The effect of adriamycin, daunomycin, N, N-dimethyladriamycin, N, N-dimethyldaunomycin, pyrromycin, marcellomycin, and aclacinomycin A on erythroid differentiation and glycoprotein synthesis in Friend erythroleukemia cells, clone F4-6 was investigated. Whereas N-dimethylated natural anthracyclines, pyrromycin, marcellomycin, and aclacinomycin A stimulated erythroid differentiation this was not seen with adriamycin, daunomycin and their N-dimethylated derivatives.

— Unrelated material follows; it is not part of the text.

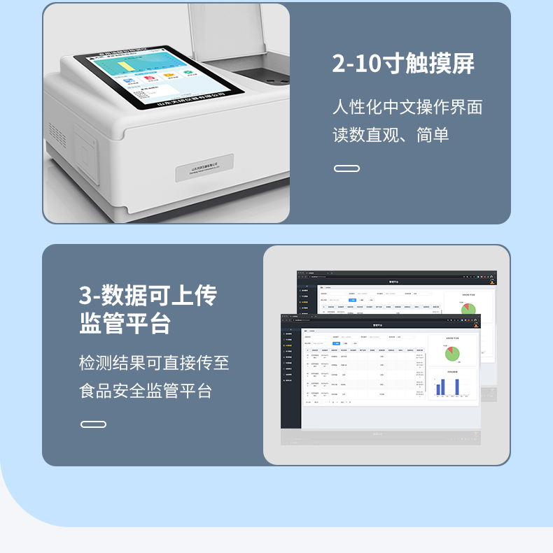 | 儀器采用臺式一體化系統(tǒng)檢測技術(shù),將分光光度模塊、新型農(nóng)殘檢測模塊、數(shù)字化管理模塊、無線通訊模塊高度集成于一體,支持檢測200種食品安全檢測項目,同時預(yù)留升級檢測方法。 | 儀器檢測模塊標準化、智能化,可隨意自由組合。檢測箱體內(nèi)置多個標準檢測單元,檢測模塊可以調(diào)整配置。 | 儀器采用全新安卓智能系統(tǒng),主控芯片采用 ARM Cortex-A7,RK3288/4核處理器,10.1寸高清液晶觸摸豎屏,更加**的UI交互界面,運轉(zhuǎn)快捷;儀器配備無線通信模塊: 4G(APN)通訊模塊、Wifi模塊,藍牙傳輸,同時具有雙USB接口以及RJ45接口能以多種方式實現(xiàn)數(shù)據(jù)保存和數(shù)據(jù)傳輸功能。 | 創(chuàng)新檢測模式: | ★檢測通道:≥12通道;采用精密旋轉(zhuǎn)比色池設(shè)計,使用同芯片同光源校準精度,解決不同光源之間的誤差值。1-12通道間誤差0.1%。(**號:ZL202022821055.2) | ★儀器具有自動識別比色皿檢測功能,即:將樣品比色皿放入儀器后,點擊樣品檢測,儀器自動識別比色皿進行通道檢測。 | 進口高精光源: | 高精度進口四波長冷光源,通道配置 410、520、590、630nm 波長光源,一個光源芯片驅(qū)動一個光源,誤差極小,每臺設(shè)備單獨**校準光源,**比對,同時參照四種不同波段光源全方位覆蓋市面上99%的農(nóng)殘食品項目檢測。 | 智能化操作系統(tǒng): | 便捷操作系統(tǒng):設(shè)備檢測時可在同一檢測界面自動對應(yīng)相關(guān)檢測通道一次性選擇1-12個樣品名稱,無須退出界面,節(jié)省操作時間。 | 數(shù)據(jù)集成系統(tǒng):設(shè)備首頁自動統(tǒng)計檢測數(shù)據(jù)包含:周檢測數(shù)據(jù)、月檢測數(shù)據(jù),全部檢測總數(shù)量,均包含檢測總數(shù),合格數(shù),不合格數(shù),以及相關(guān)柱形分析圖,對各項檢測數(shù)據(jù)清晰掌握,無需電腦查詢,更加快捷直觀。 | 項目預(yù)設(shè)系統(tǒng):支持添加單個及多個相同或不相同的任務(wù)預(yù)設(shè),一鍵快速調(diào)取,每一個任務(wù)分別可以設(shè)置不同的樣品、批次、編號、來源、備注、抽樣信息、檢測信息、受檢信息、復核信息等更多信息。無縫鏈接平臺和APP實時查看下發(fā)任務(wù)。 | 數(shù)據(jù)監(jiān)管系統(tǒng):同步對接監(jiān)管平臺,數(shù)據(jù)可局域網(wǎng)和互聯(lián)網(wǎng)數(shù)據(jù)上傳,檢測結(jié)果可選擇直接傳至食品安全監(jiān)管平臺。集成OSS輸出存儲服務(wù)、區(qū)分設(shè)備定向管理應(yīng)用,進行區(qū)域食品安全監(jiān)管及大數(shù)據(jù)分析處理與數(shù)據(jù)統(tǒng)計,檢測區(qū)域食品安全長短期動態(tài),達到食品安全問題預(yù)估、預(yù)警。 | 自定義打印系統(tǒng):內(nèi)置全新打印系統(tǒng),新創(chuàng)自定義打印方式,可按需靈活設(shè)置開啟或關(guān)閉:產(chǎn)品合格證(國家農(nóng)業(yè)部標準要求),二維碼,抽樣信息、檢測信息,受檢信息、復核信息、抽樣日期、檢測日期等信息的打印。 | 系統(tǒng)遠程更新功能:可定向分客戶分儀器更新系統(tǒng),按照不同客戶后期實際需求添加項目,無需機器返廠,即可遠程實時升級全新系統(tǒng),節(jié)省時間成本及避免運輸造成設(shè)備損壞。 | 儀器主機采用一體化防水、抗壓、防撞擊、防腐蝕箱體設(shè)計,同時配備交直流供電,可連接車載電源,可選配大容量充電鋰電池,滿足現(xiàn)場野外檢測需求。 | 安全證書,放心保障:儀器具有中國計量科學研究院校準證書,**認證。 |

The incorporation of 3H-mannose in glycoprotein was inhibited by the N-alkylated natural anthracyclines at a concentration at which they induced erythroid differentiation. N, N-Dimethyladriamycin and N, N-dimethyldaunomycin only inhibited 3H-mannose incorporation into glycoprotein at cytotoxic concentrations. However, adriamycin and daunomycin did not inhibit glycoprotein synthesis, even at high cytotoxic concentrations. Aclacinomycin A decreased the incorporation of 3H-mannose into proteins earlier than the incorporation into dolichol-linked oligosaccharide intermediates. Tunicamycin, a specific inhibitor of glycoprotein synthesis, failed to stimulate differentiation in Friend erythroleukemia cells. These results indicate a structure-specific induction of the differentiation and inhibition of glycoprotein synthesis in Friend cells by N-alkylated anthracyclines. The inhibition of glycoprotein synthesis may be involved in the induction of differentiation by N-alkylated anthracyclines, but it cannot be the only target for the differentiation-inducing effect of these substances.